How to track down a bad llvm optimization pass

Thu Jun 30 11:10:04 PDT 2016

On 30 Jun 2016, at 16:40, Joakim via digitalmars-d-ldc wrote:
> I assumed that undef was some kind of poison value

undef is indeed "some kind of poison value", in that each use of it 
evaluates to a (potentially different) arbitrary bit string. By itself, 
using an undef isn't undefined behaviour, but of course for many 
operations it ultimately is, because there are bit string inputs for 
which these operations are undefined (e.g. loads, stores).

LLVM knows a concept called "poison values" too, which are undefs with 
slightly stronger semantics produced by C-style signed integer 
arithmetic overflow and similar operations – in loose terms, any 
operation that depends on them in an externally visible way has 
undefined behaviour.

I usually find the LLVM language reference 
(http://llvm.org/docs/LangRef.html) to be quite a clear resource for 
these sorts of questions.

> [should] the inlining pass […] just be returning undef […]? Since 
> this is at compile-time, I don't think it should. […]
> Are we supposed to be running sanitizers or something else to avoid 
> these bugs?

First off, as it currently stands, this is certainly not an issue in 
LLVM. The lshr instruction is documented as resulting in undefined 
behaviour when used with an out-of-range shift. Replacing the whole call 
with `undef` is thus a valid IR transformation.

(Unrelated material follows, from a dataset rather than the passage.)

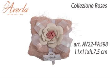 Doppio Cuscino Con Rosa Grande In Porcellana Di Capodimonte 11x11xh.7,5 cm Collezione Roses

So far for LLVM working as designed. The question of course becomes 
whether, being a compiler writer's tool, it would be nice for it to emit 
a warning on such transformations. And here things suddenly become 
muddy. Yes, in this case, getting a warning would be useful. However, if 
the code was not actually reachable dynamically, a warning would be 
wrong. Of course, this can be solved by offering a way to declare basic 
blocks/functions to be considered reachable for that purpose, but that 
introduces extra complexity – I wouldn't be surprised if the fact that 
you'd need to design something along these lines was the main reason why 
LLVM does not try to report such conditions.

Of course, language frontends can always emit dynamical checks to avoid 
executing llvm::Instructions with UB-inducing arguments, whether in the 
form of sanitisers, or by default as part of faithfully lowering their 
semantics.

  — David